▶ **EXERCISE GOAL**
After locating the line that holds "青岛黄海学院关于专业技术职务资格评审申报人员材料的公示", repeat it and each following line exactly until the material ends, skipping pictures.

▶ **COLLECTED MATERIAL**

*****

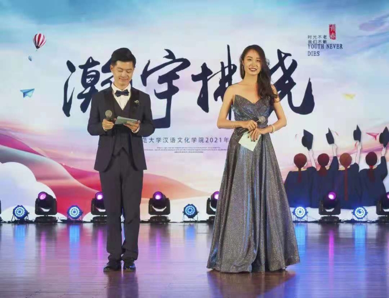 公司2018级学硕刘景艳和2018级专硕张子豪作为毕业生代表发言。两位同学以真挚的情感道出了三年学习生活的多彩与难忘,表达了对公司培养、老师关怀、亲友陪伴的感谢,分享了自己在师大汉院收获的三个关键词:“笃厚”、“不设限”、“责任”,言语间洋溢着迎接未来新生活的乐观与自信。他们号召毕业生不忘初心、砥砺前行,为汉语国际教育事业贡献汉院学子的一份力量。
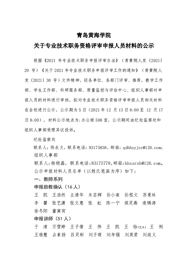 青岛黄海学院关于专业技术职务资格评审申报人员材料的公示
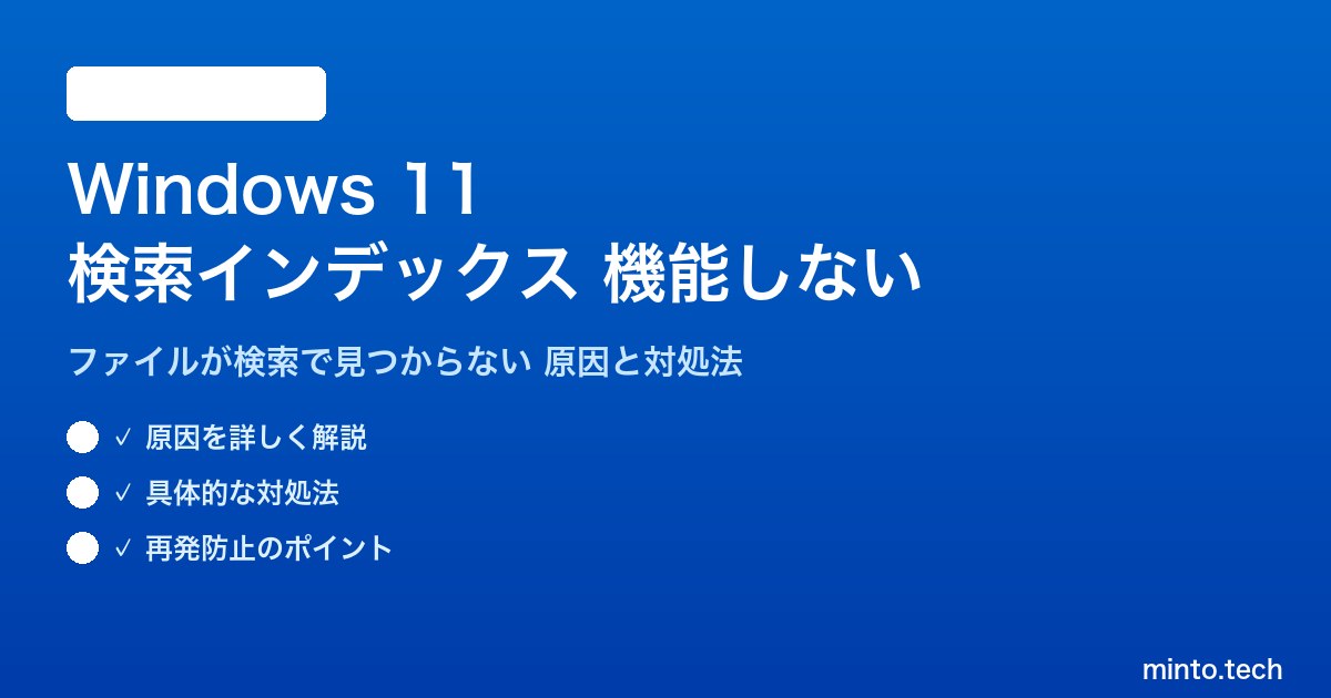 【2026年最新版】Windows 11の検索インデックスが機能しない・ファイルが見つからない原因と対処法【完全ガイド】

*****

▶ **ANSWER SPACE**
 青岛黄海学院关于专业技术职务资格评审申报人员材料的公示
 【2026年最新版】Windows 11の検索インデックスが機能しない・ファイルが見つからない原因と対処法【完全ガイド】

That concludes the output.